The mere fact that Muslim numbers may grow in the Western world represents a permanent threat to Infidels. This is true even if some, or many, of those Muslims are "moderates" -- i.e. do not believe that Islam has some kind of divine right, and need, to expand until it covers the globe and swallows up dar al-harb. For if they are still to be counted in the Army of Islam, not as Deserters (Apostates) from that Army, their very existence in the Bilad al-kufr helps to swell Muslim ranks, and therefore perceived Muslim power. And even the "moderate" father may sire immoderate children or grandchildren -- that was the theme of the Hanif Kureishi film, quasi-comic but politically acute, "My Son the Fanatic." Whether through Da'wa or large families, any growth in the Muslim population will inhibit free expression (see the fates of Pim Fortuyn and Theo van Gogh, and the threats made to Geert Wilders, Carl Hagen, Ayaan Hirsi Ali, and many others), for politicans eager to court the Muslim vote will poohpooh Muslim outrages and strive to have the state yield to Muslim demands -- for the sake of short-term individual gain. And Muslim numbers, even with "moderates," increases the number of Muslim missionaries -- for every Muslim is a missionary -- whether conducting "Sharing Ramadan" Outreach in the schools (where a soft-voiced Pakistani woman is usually the soothing propagandist of choice), or Da'wa in a prison. The more Muslims there are, the more there will be -- and no one knows which "moderate" will end up distinctly non-moderate in his views, and then in his acts.

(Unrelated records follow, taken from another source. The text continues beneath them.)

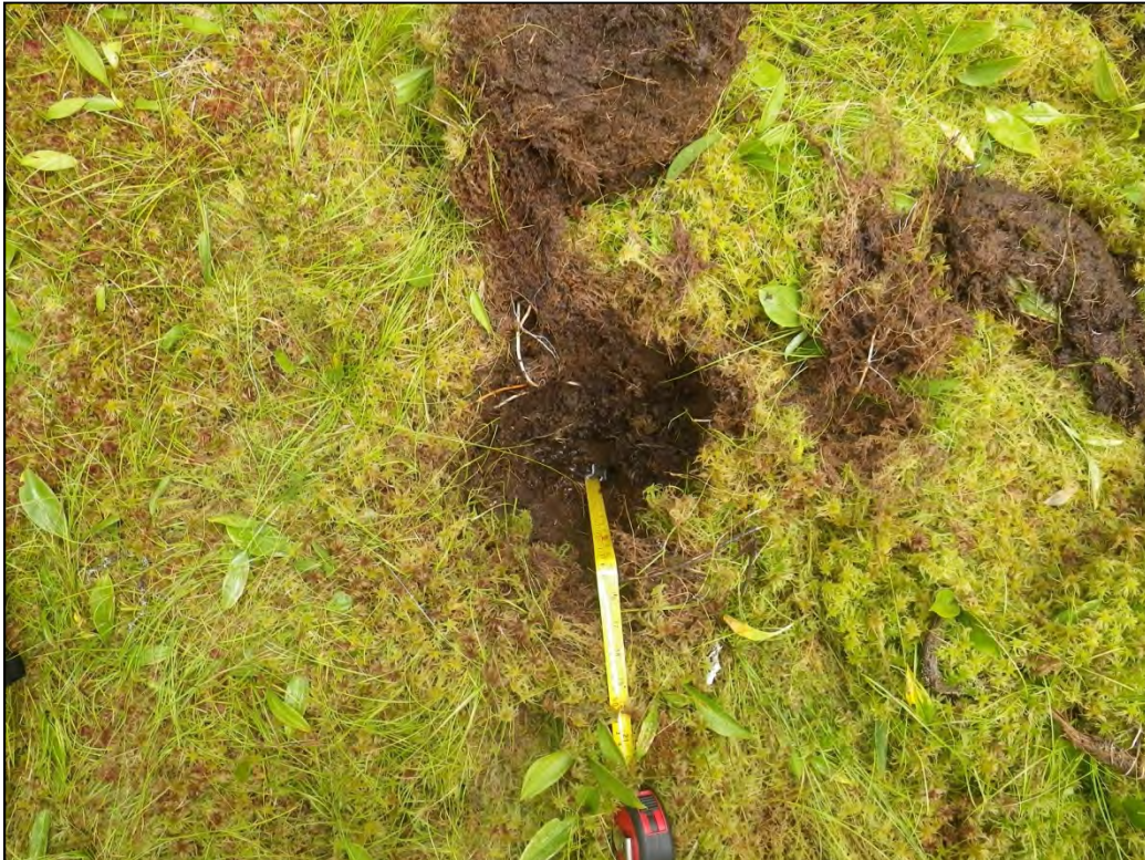
Photograph 14: Wetland 4 (WL4) – Wetland Test Pit
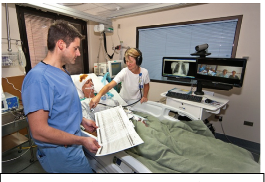
Demonstration of the Virtual Intensive Care Unit.

The Department of Veterans Affairs (VA) strives to serve Veterans and improve their lives, and the new virtual intensive care unit (vICU) helps us do that. The vICU provides access to critical care services to smaller facilities within a Veterans Integrated Service Network (VISN). There are several Tele ICU models across the country using a traditional model where a physician sits in a room and monitors patients remotely. However, in VISN 19, VA is testing an innovative vICU that is nurse-driven and nurse-managed and uses a rapid response multidisciplinary team approach taking patient care to a higher level. This higher level of care is illustrated by the following example of the vICU in action.
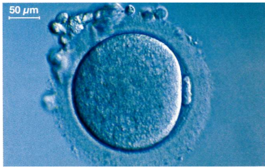
Human ovum observed through microscope (SVT 4 e , Didier 2007)
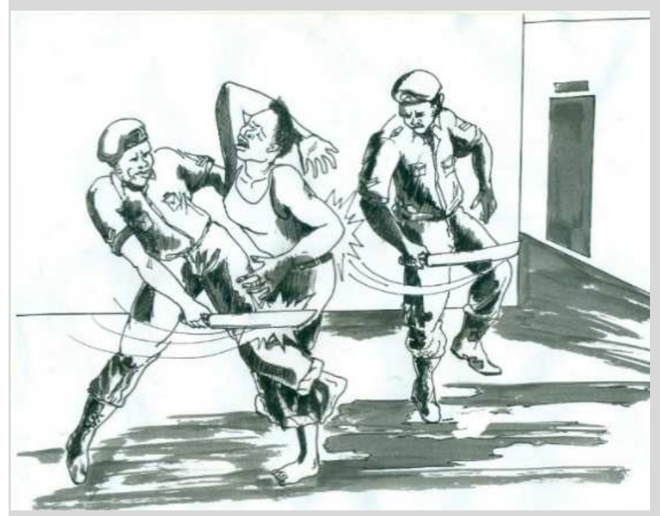
Figure 1 – An artist's drawing portraying a beating with machetes. © Chijioke Ugwu Clement

• Beatings: The vast majority of former detainees have stated that they were beaten or whipped by objects including gun butts, machetes, batons, sticks, rods and cables. Beatings can last for hours. Before being beaten, detainees are often stripped, either naked or above the waist, and their hands are restricted and heads covered: a form of torture known as 'ashasha.'

And this brings up the most important problem: the impermanance of "moderate" attitudes. What makes anyone think that someone who this week or month has definitely turned his back on Jihad, who will have nothing to do with those he calls the "fanatics," if he does not make a clean break with Islam, does not become a "renegade" or apostate, will at some point "revert" not to Islam, which he never left, but to a more devout form, in which he now subscribes to all of its tenets, and not merely to a few having to do with rites of individual worship?

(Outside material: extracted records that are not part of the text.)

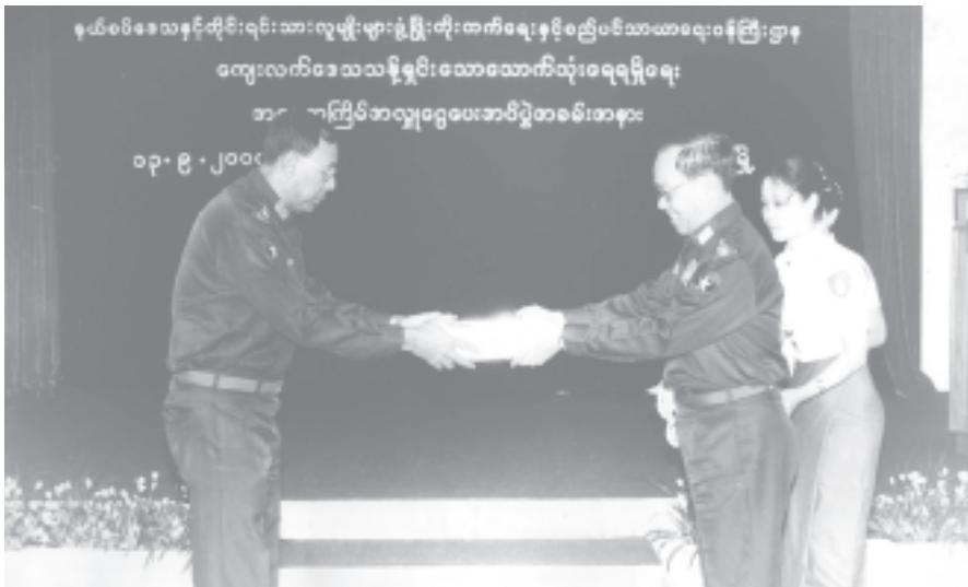
Secretary-1 Lt-Gen Soe Win accepts K 2.5 million donated by Myanmar Economic Corporation at 8th cash donation ceremony for pure drinking water supply in rural regions.

Water supply projects were implemented in eight townships in cooperation with the Union Solidarity and Development Association, Myanmar National Committee for Women's Affairs and international organizations such as JICA, BAJ and UNICEF.
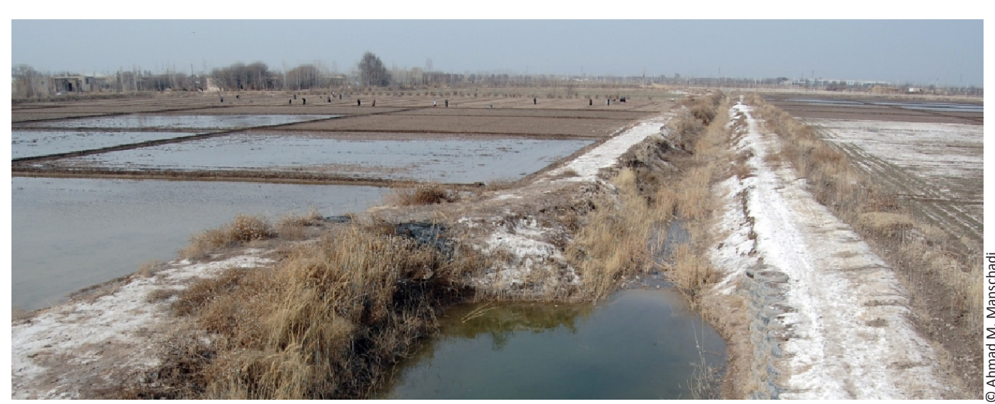
Large-scale irrigation in the Khorezm Region and associated salt accumulation

The target yields that a farmer must get from the assigned piece of land are also pre-determined, and it is the farmer's obligation to achieve or exceed that target. To help the farmers achieve the prescribed targets, the government provides a proportion of production costs in advance through the banking system. The farmers can use this advance to
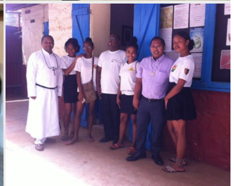
Madagascar: Celebration of Saint Joseph's Day at the St Joseph Antsirana Institution
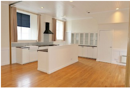
Open-plan Living Room & Dining Kitchen
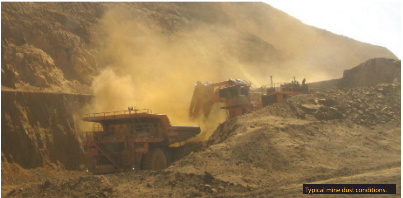
Typical mine dust conditions.
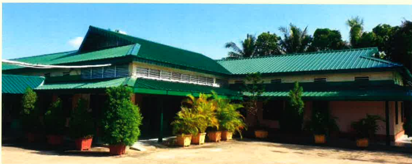
Above: New replacement of roofing and insulation of buildings

In December 2022 there were 28 female and 25 male students attending the school from the local communities including 3 University students and 5 involved in Vocational training.
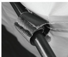
Hook & Loop pole connectors (located under guy out points)
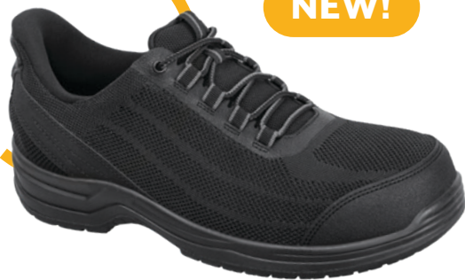
40821 Onyx Blk
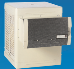
RC30W 3,000 cfm
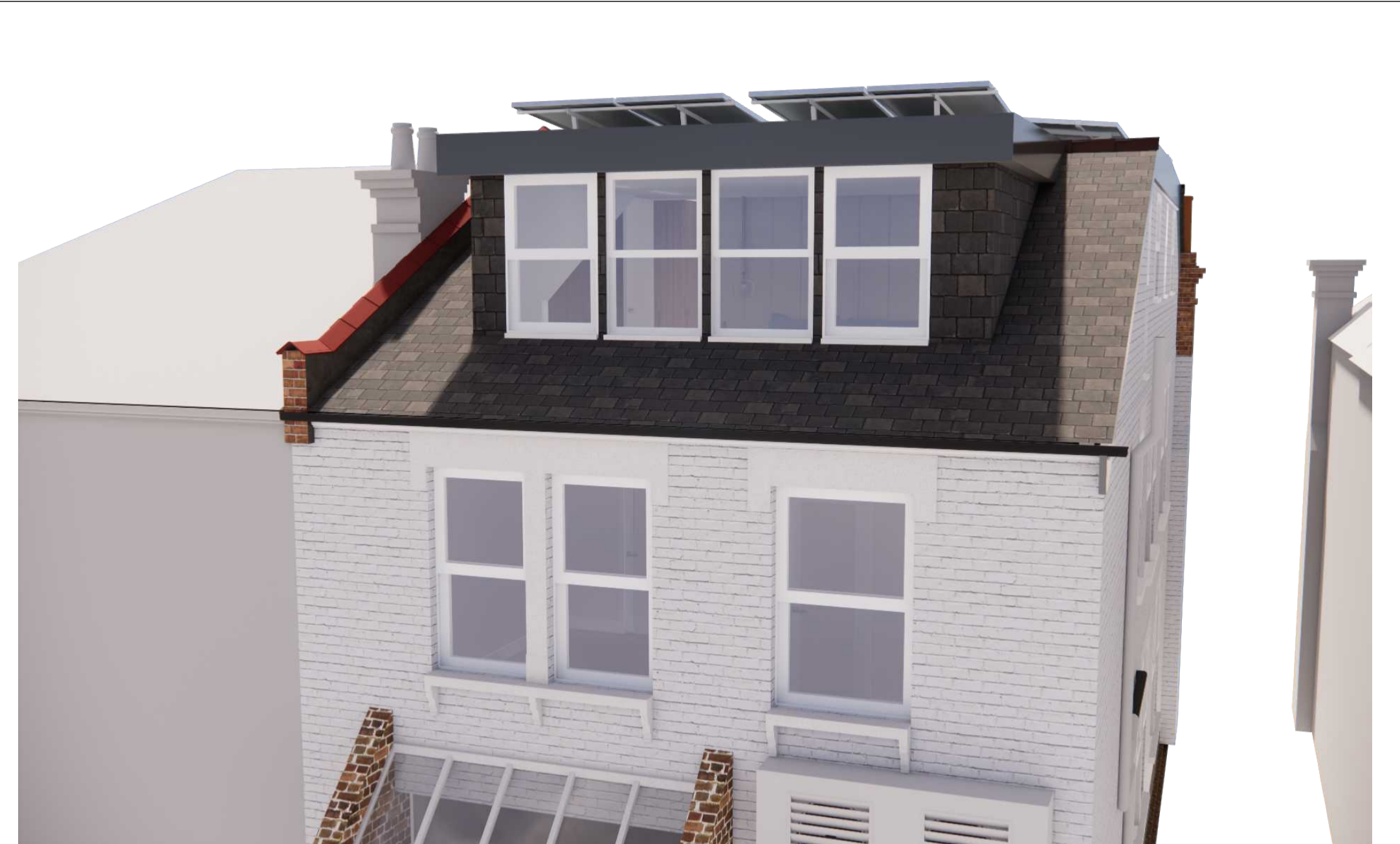
A 01 | PROPOSED VIEW | scale:

6. The examples to the contrary are both those of individuals, and of whole societies. As for individual Muslims, some started out as mild-mannered and largely indifferent to Islam, and then underwent some kind of crisis and reverted to a much more fanatical brand of Islam. That was the case with urban planner Mohammad Atta, following his disorienting encounter with modern Western ways in Hamburg, Germany -- Reeperbahn and all. That was also the case with "Mike" Hawash, the Internet engineer earning $360,000 a year, who seemed completely integrated (American wife, Little League for the children, friends among fellow executives at Intel who would swear up and down that he was innocent) -- until one fine day, after the World Trade Center attacks, he made out his will, signed the house over to his wife, and set off to fight alongside the Taliban and Al Qaeda in Afghanistan (he got as far as China) against his fellow Americans. In other words, if fanatical Muslims exist, it does not mean that they all start out as fanatics. Islam is the necessary starting place, and what sets off a "moderate" may have little to do with anything the Infidels do, any question of foreign policy -- it may simply be a crisis in an individual Muslim's life, to which he seeks an answer, not surprisingly, in ... more Islam.

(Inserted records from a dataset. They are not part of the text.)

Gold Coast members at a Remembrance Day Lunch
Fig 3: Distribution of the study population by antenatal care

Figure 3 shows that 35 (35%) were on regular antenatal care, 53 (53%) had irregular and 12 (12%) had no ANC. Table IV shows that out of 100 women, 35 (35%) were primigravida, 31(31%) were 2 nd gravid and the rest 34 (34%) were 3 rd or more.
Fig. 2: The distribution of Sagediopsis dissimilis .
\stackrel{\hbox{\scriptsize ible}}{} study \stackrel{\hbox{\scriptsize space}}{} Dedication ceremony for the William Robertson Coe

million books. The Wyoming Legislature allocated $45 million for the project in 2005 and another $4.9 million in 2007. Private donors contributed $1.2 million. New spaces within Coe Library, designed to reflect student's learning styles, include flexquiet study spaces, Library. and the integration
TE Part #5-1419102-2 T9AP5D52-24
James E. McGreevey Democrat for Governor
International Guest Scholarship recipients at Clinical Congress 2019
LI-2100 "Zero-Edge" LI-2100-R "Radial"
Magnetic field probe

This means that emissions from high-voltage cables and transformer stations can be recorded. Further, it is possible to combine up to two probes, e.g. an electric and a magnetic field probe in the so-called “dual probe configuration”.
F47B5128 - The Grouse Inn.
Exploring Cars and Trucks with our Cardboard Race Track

7. Much the same lesson can be drawn from the experience of whole societies. In passing, one can note that the position of Infidels under the Pahlevi regime was better than it had been for centuries -- and under the regime that followed, that of the Islamic Republic of Iran, that position of Infidels became worse than it had been for centuries. "Secularism" in Islamic countries is never permanent; the weight and the threat of Islam is ever-present.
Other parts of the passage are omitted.